As you probably know, the evaluation system for the Junior Cycle English has changed in the past years, with several changes being made to accommodate the new curriculum.

According to official sources and given the fact that English is the first subject being examined in the reformed Junior Cycle programme, a revised grading system will apply in English in 2017 which will be rolled out to other subjects as other reformed subjects come on stream.

In the Junior Certificate, candidates will continue to achieve grades of A, B, C, etc. to NG based on marks achieved, a total of 7 grades.

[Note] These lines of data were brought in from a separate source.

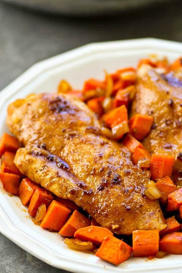 SKILLET MAPLE GLAZED CHICKEN WITH SWEET POTATO HASH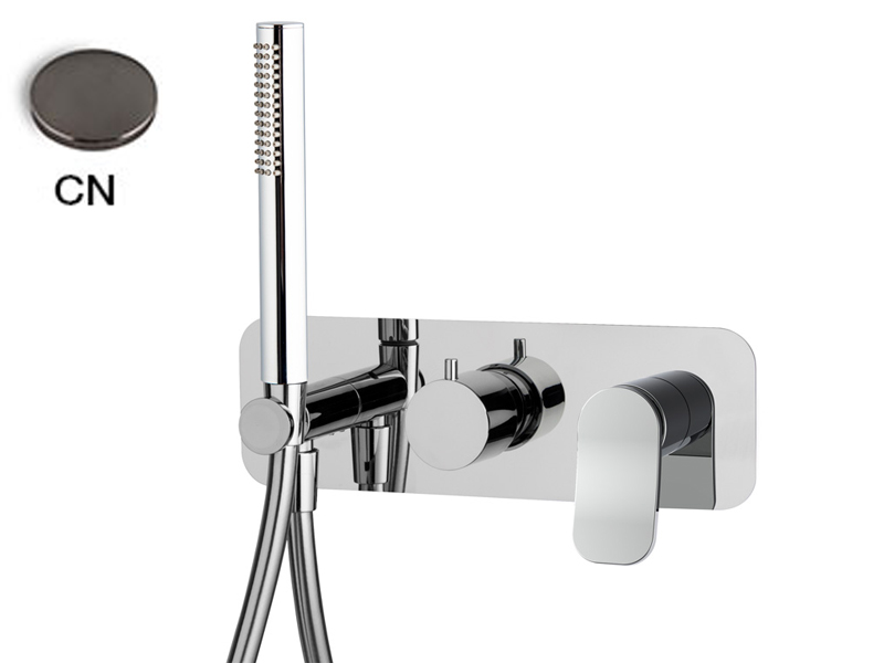 Встроенный смеситель для душа на 2 источника с душевым комплектом Fima Carlo Frattini FLO' F3819WX2CN, цвет черный хром. Только внешняя часть, держатель для душа с подводом воды, ручной душ с защитой от извести анти-кальк, переключатель, гибкий шланг хромалюкс 1500 мм, внутренняя часть (арт. F3400W) заказывается отдельно.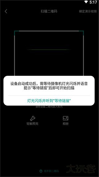 3、开启摄像机,听到语音提示,点击已听到等待连接。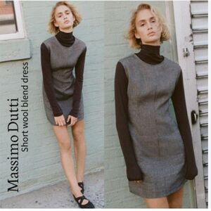 Massimo Dutti Womens Mini Dress Size S Black Gray Wool Blend 6673/673 NWT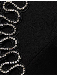 PRODUCT DETAILS - Rebecca Vallance crepe midi dress - 97% polyester, 3% elastane - Concealed zip fastening at back - Regular fit, V-neckline, short puff sleeves, diamente-embellished trim at front, cut-out at front, central rear slit, pencil midi skirt - Dry clean - True to size - Size UK 8: length 48in / 122cm - Model is 5ft 10in/1.78m and wears a size UK 8 - Midweight, non-stretch Ref: R04552316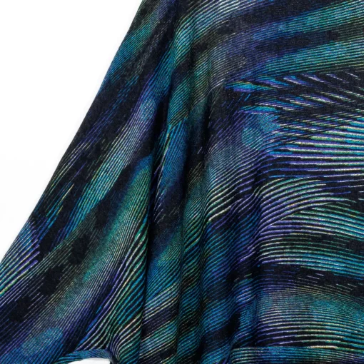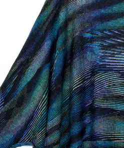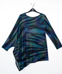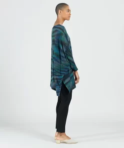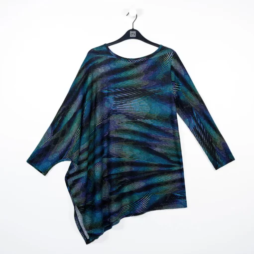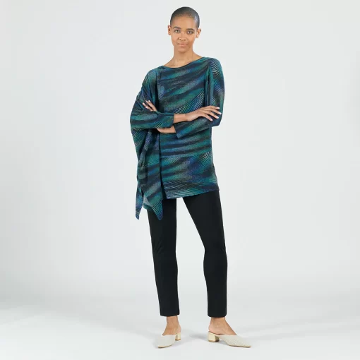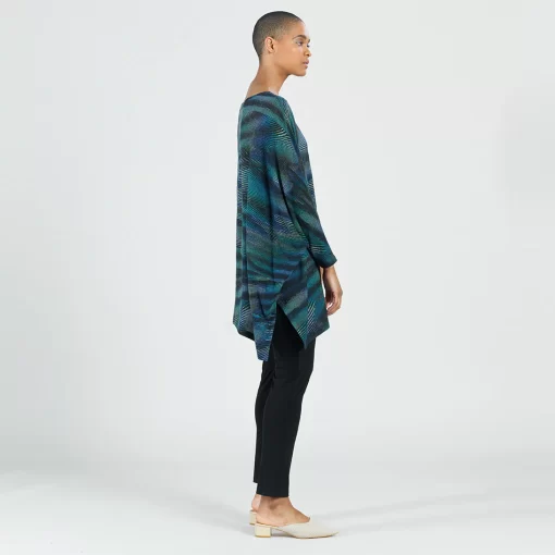 Strut your inner confidence by wearing our Peacock Pinstripe Poncho Sleeve Sweater Tunic! This innovative style features a wide, round neckline, and long sleeves which display a left standard sleeve and right poncho sleeve that beautifully cascades an ample amount of fabric into a long-vented, draped angle hemline. This print displays vibrant shades of blues, teal, greens, and purple that collectively work to create a complementary peacock pattern encompassed by sleek subtle pinstripes. ♥ Each piece is a unique, one-of-a-kind print and print placement will vary. Lightweight Cozy Sweater KnitOur cozy sweaters are designed for optimal comfort and convenience. Made from lightweight soft plush knit and Poly-Blend fibers, they are the perfect addition to any wardrobe. Ideal for layering and is travel-friendly but still breathable enough to keep you from getting too warm.Travel Friendly Lightweight Sweater Knit Soft Cozy Texture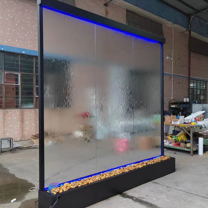 น้ำพุตกแต่งสวนขนาดใหญ่ ทำจากกระจกใส พร้อมฐานสแตนเลสแบบตั้งพื้น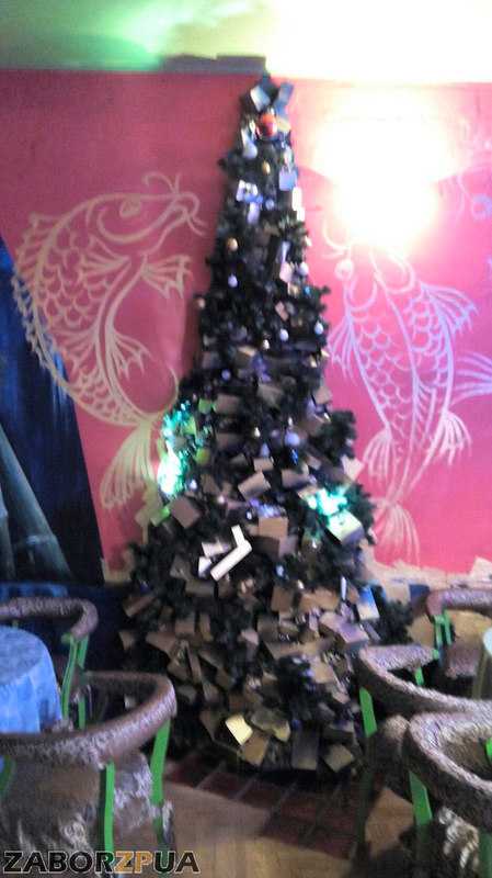 Самая наваленная елка - в Запорожье. Так, один из ресторанов ("4 Стихии") пытается радовать своих посетителей елкой, украшенной деревянными брусками и бумагой.
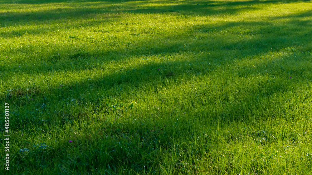 Shadows on the surface of meadow green grass.
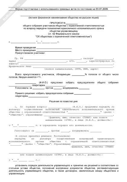 - 817Протокол общего собрания участников общества с ограниченной ответственностью по вопросу передачи полномочий единоличного исполнительного органа общества управляющему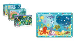 Progresivní puzzle s různou obtížností - 3 puzzle s 20 - 50 dílky, s vyšším počtem dílků se zmenšuje jejich velikost.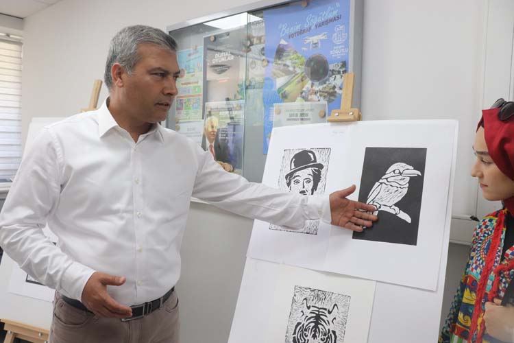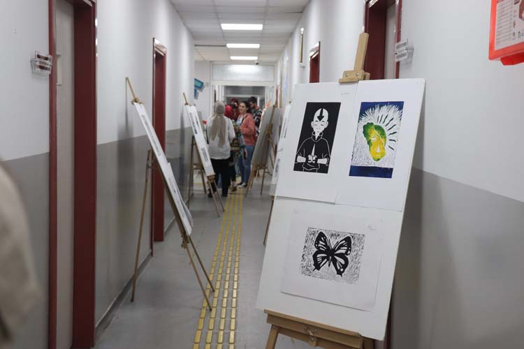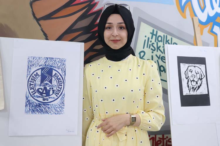 Linöl baskı sergisini düzenleyen Feyza Kıvırcı sergi hakkında, “Linöl baskı tamamen güzel sanatlara bağlı ama İletişim ve Tasarımı Bölümünün de güzel sanatlardan bir farkı olmadığını düşünüyorum. Öğrencilerin boyalara, tinerlere dokunması gerektiğini düşündüm. Eski zamanlarda fotoğraf baskısının nasıl yapıldığını bilmeleri ve kendilerine hatıra kalması için bir eser yapılmasını istedim. Deriye boyama işlemi yaptık. Kâğıda da baskısını yaptıktan sonra böyle güzel eserler ortaya çıktı. Bu baskıyla İletişim ve Tasarımı Bölümü öğrencilerinin farkını ortaya koyduğumuzu düşünüyorum.” şeklinde konuştu.

In the Junior Cycle, the achievement will be indicated using the grade descriptors of Distinction, Higher Merit, Merit, Achieved, Partially Achieved, and Not Graded, a total of 6-grade descriptors.

Check out these English resources!

Essay evaluation in the Junior cert English

girl studying in library
This is the first of many exams. Source: Pexels

Writing an essay is a fundamental part of the English Junior cert, one that will show teachers and evaluators how well your dominion of certain topics and level of expression in the English language is.

The essay is evaluated in the following way:

For Teacher Annotations.

  1. Genre awareness and control/creativity: The student shows good awareness of the chosen genre and makes the piece personal and descriptive. There is a reasonably good structure, though at times the control of the genre slips and it becomes more factual than personal.
  2. Writing competence and word choices: The language attempts to create pictures of the people and the place and achieves this well at times. However, there are quite a few sentence fragments and some lapses in grammar and spelling. Nonetheless, the colloquialisms employed and the conversational tone suit the topic quite well.
  3. Awareness of and shaping for receiver/audience: The student has written for his/her own peer group and
    shows a reasonable awareness of the audience. Whilst there are some engaging reflective moments (‘staring at the
    freshly cut grass’), at times the piece drifts into quite a functional outline of the club’s five-year plan.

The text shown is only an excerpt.